A better understanding of the pathogenesis of NASH is critical to developing new therapy for NASH, but the molecular mechanism underlying disease progression from NAFL to NASH is still largely elusive [6]. The progression from NAFL to NASH is extremely complex, and some possible explanations have been proposed for this progression [6]. Insulin resistance and oxidative stress have been proposed to be closely related to NASH [7]. Cell stress, apoptosis, and lipotoxicity have also been found to promote NASH progression, and endoplasmic reticulum (ER) stress also has a role in this process [8,9,10]. In addition, abnormal immune response and inflammation have also been found to exert important roles in NASH progression [11, 12]. However, the crucial genes and functional pathways determining the progression from NAFL to NASH are still not clearly defined. Elucidation of the key functional pathways and genes involved in NASH progression is critical to the development of new therapy for NASH. This study aimed to uncover those crucial genes and functional pathways involved in disease progression from NAFL to NASH through analyzing liver transcriptome data. Those genes and functional pathways involved in fibrosis progression of NAFLD patients were also analyzed.

Methods

Liver transcriptome datasets of NAFLD patients

We searched Gene Expression Omnibus (GEO) and ArrayExpress databases to identify liver transcriptome datasets of NAFLD patients. Datasets meeting the following criteria were included: (1) Transcriptome data of liver tissues; (2) More than 30 differentially expressed genes (DEGs) were identified between the two groups; (3) Whole-genome expression profiles were available in the GEO or ArrayExpress; (4) Samples must contain both NAFL and NASH patients, or contain NAFLD patients with either advanced fibrosis or mild fibrosis. Advanced fibrosis was defined to have fibrosis stages 3 or 4, while mild fibrosis was defined to have fibrosis stage 0 or 1. Only transcriptome data comparing NASH liver tissues with NAFL liver tissues and transcriptome data assessing the transcriptomic difference between NAFLD liver tissues with obvious fibrosis and those without obvious fibrosis were used, while those transcriptome data from controls without NAFLD were not analyzed.

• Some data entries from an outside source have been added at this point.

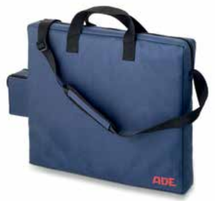
Carrying bag for floor scales ADE MZ10062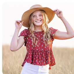
Elsa Groenink Secchia Institute for Culinary Education GRCC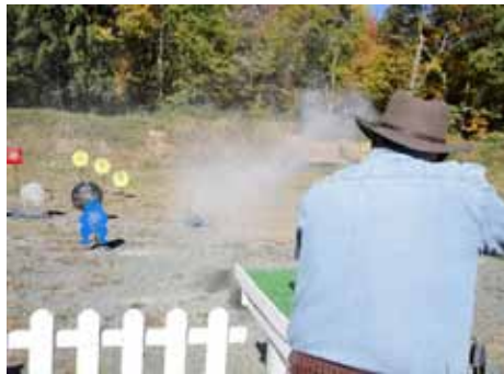
Vida-Loca on Stage 1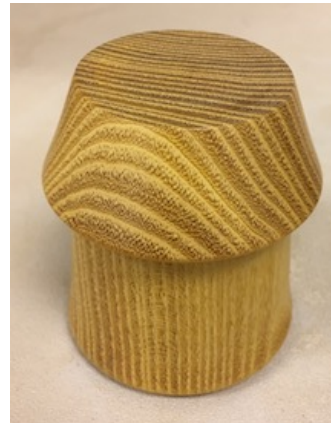
More Show and Tell for October: Two jars turned by Stan Townsend.

Shop Tip Bench protector To protect your workbench when painting or staining, mount a white vinyl window shade on one end of the workbench. When ready to finish pull the shade across the bench. When the finish dries the shade rolls back up. Shades are inexpensive so can be replaced when they get to dirty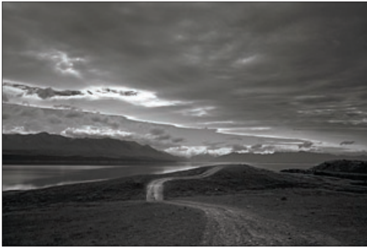
Lake Pukaki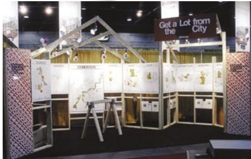
Budgets for exhibits are always tight, especially when city coffers are involved. Sometimes one must get by with just a few spotlights and 2 by 4's, as in this display of building lots offered for sale by the City of Edmonton .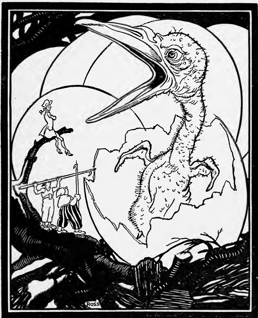
WITH GREAT DIFFICULTY WE CUT OPEN ONE OF THESE EGGS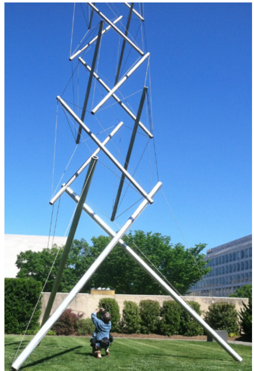
Shooting Snelson's Needle Tower

This project is an offshoot of the "Museum Pieces" project. Sometimes when I'm shooting a museum for the ongoing "Museum Pieces" series I see a piece in their collection that inspires me to show it in another light or from another perspective. I have this odd ability to rotate and manipulate objects in my head and see what they would look like from a perspective other than the one they are presented in. "Pieces Parts" is a series of those images showing my perspective on those art works. The art work is generally abstracted and repurposed and is most often unrecognizable, even to those familiar with the subject art (such as "The Stars Above" shown here, which is my image of Snelson's "Needle Tower" which you can see me shooting below).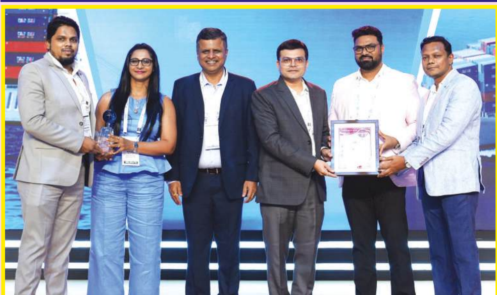
ON BASIS OF VOLUME - WAN HAI LINES LTD.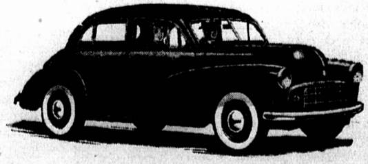
The 1952 Morris Minor 4-door sedan Up to 50 miles per gallon of gasoline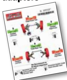
6. Get printout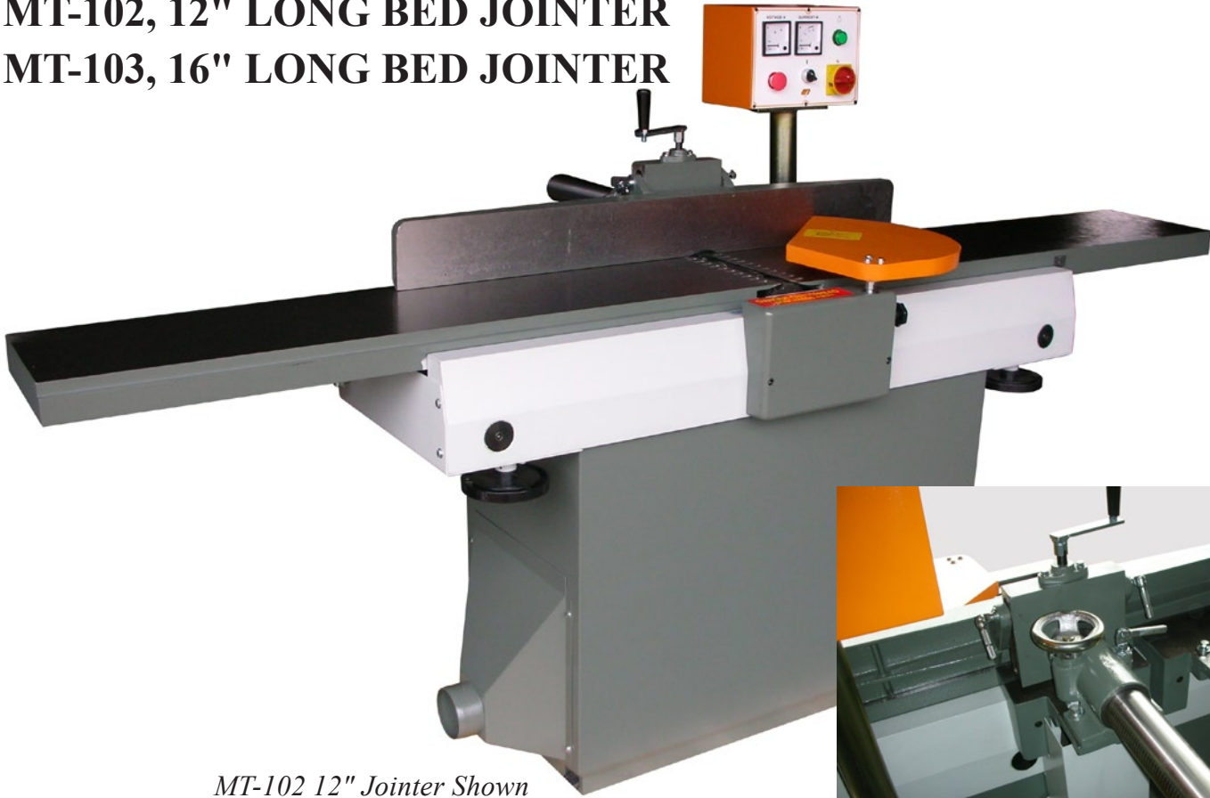
MT-102 12" Jointer Shown

DÖTUL INC, INTRODUCES THE MT-102, 12" LONG BED JOINTER MT-103, 16" LONG BED JOINTER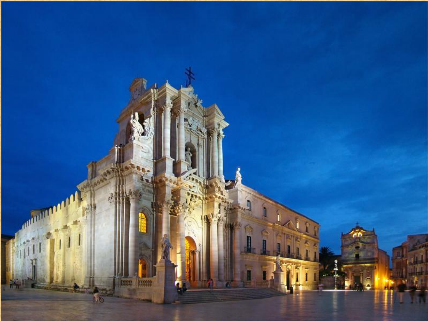
This is the cathedral of SIRACUSA. This was the temple dedicated to Athena.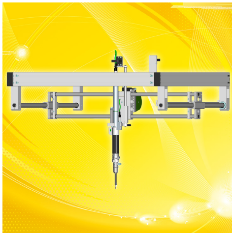
Position Control Portal

The yardstick for processing reliability of bolted connections is particularly stringent in the automotive industry (VDI standard 2862, category A). Every step of the assembly process has to be monitored and recorded. So how is this achieved at a manual workstation? DEPRAG designed a high-quality steel profile position-monitoring portal to ensure that the EC-servo screwdriver is guided into the correct vertical direction. The portal provides a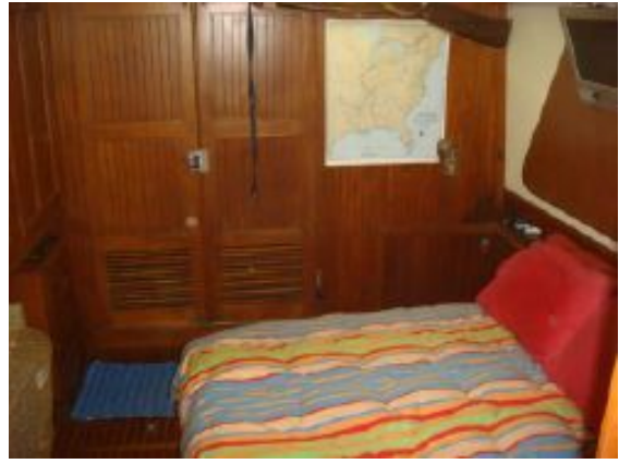
> 40' Ta Chiao master stateroom aft photo1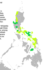
Map of the Philippines showing the activity of PH-WC. Location of members (green) and location of past outreach activities (blue green).

In less than five years since its foundation, PH-WC has grown from strength to strength as evidenced by the numerous activities it has organized and participated in all over the Philippines to further its aim of promoting the nation's many languages and cultures, as well as the growth of the various Philippine Wikias. As part of its inclusive and pluralistic focus, the organization is currently preiding over various outreach programs aimed at reaching out to marginalized groups in the Philippines. It always welcomes volunteers and participants who share our broad vision and encourage everyone with an interest to take part.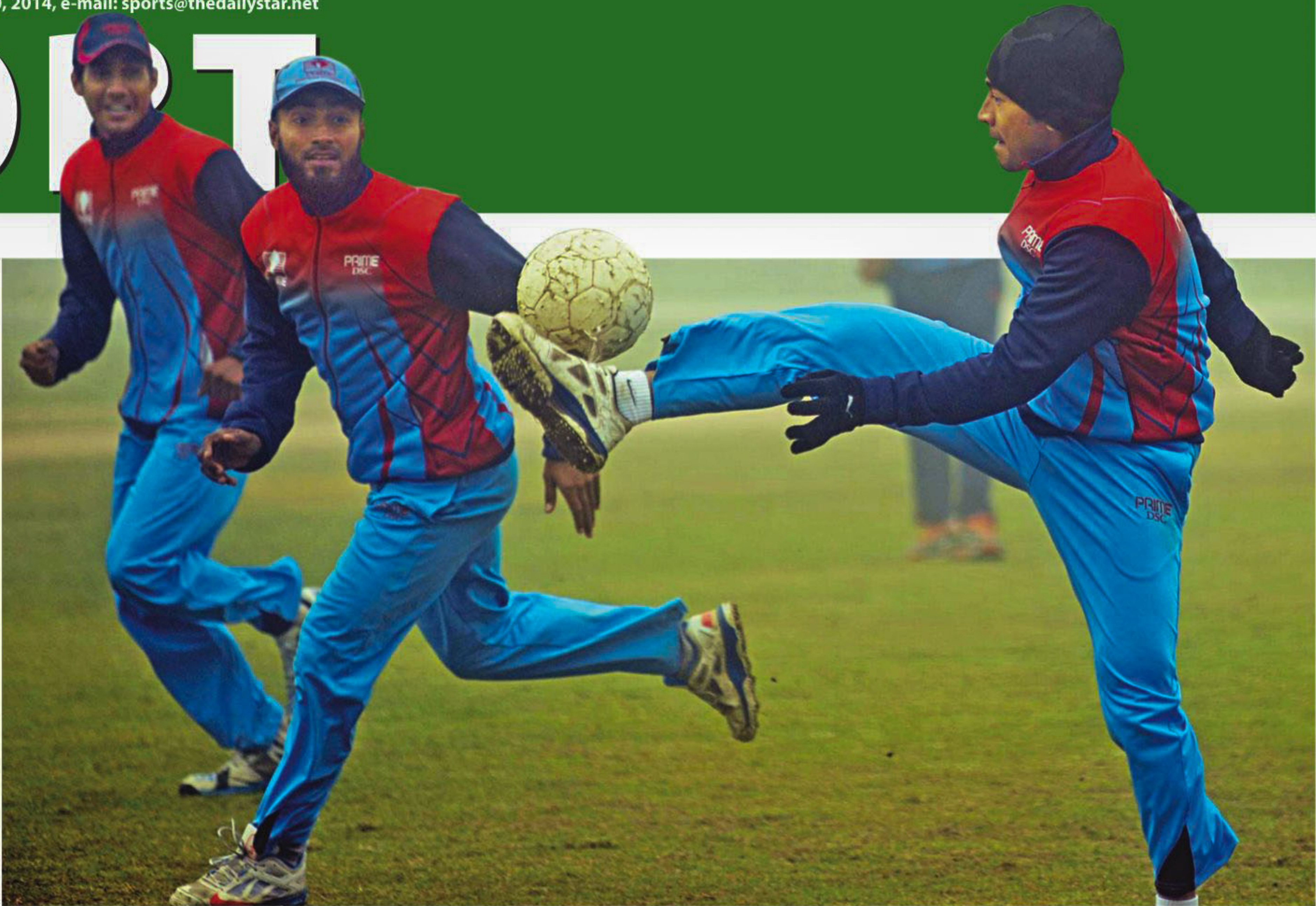
LIMBERING IN THE COLD FOR A SUMMER ADVENTURE: Bangladesh Test captain Mushfiqur Rahim (R) enjoys a game of soccer in biting cold at Mirpur ahead of an imminent Premier Cricket League game and more importantly for next February's World Cup Down Under.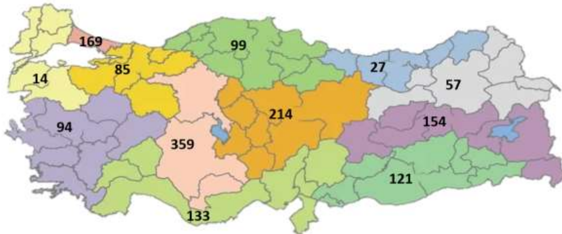
Figure 1: Number of New COVID-19 Cases by NUTS-1, Turkey

Robust rank aggregation (RRA) analysis

In order to effectively integrate transcriptome data from multiple datasets, we adopted RRA [13]. DEGs between NAFL and NASH were calculated, and were then integrated using the RRA method. Microarray data were analyzed using R package of “limma” [14]. DESeq2 was used to determine DEGs in RNA sequencing (RNA-seq) dataset [15]. In the RRA analysis, those genes with an adjusted P< 0.05 and an absolute value of log2 fold change (log2FC) >0.30 were considered to be statistically significant genes. Transcriptomic signatures for NASH and fibrosis severity in NAFLD were developed with the top up-regulated genes in RRA analyses.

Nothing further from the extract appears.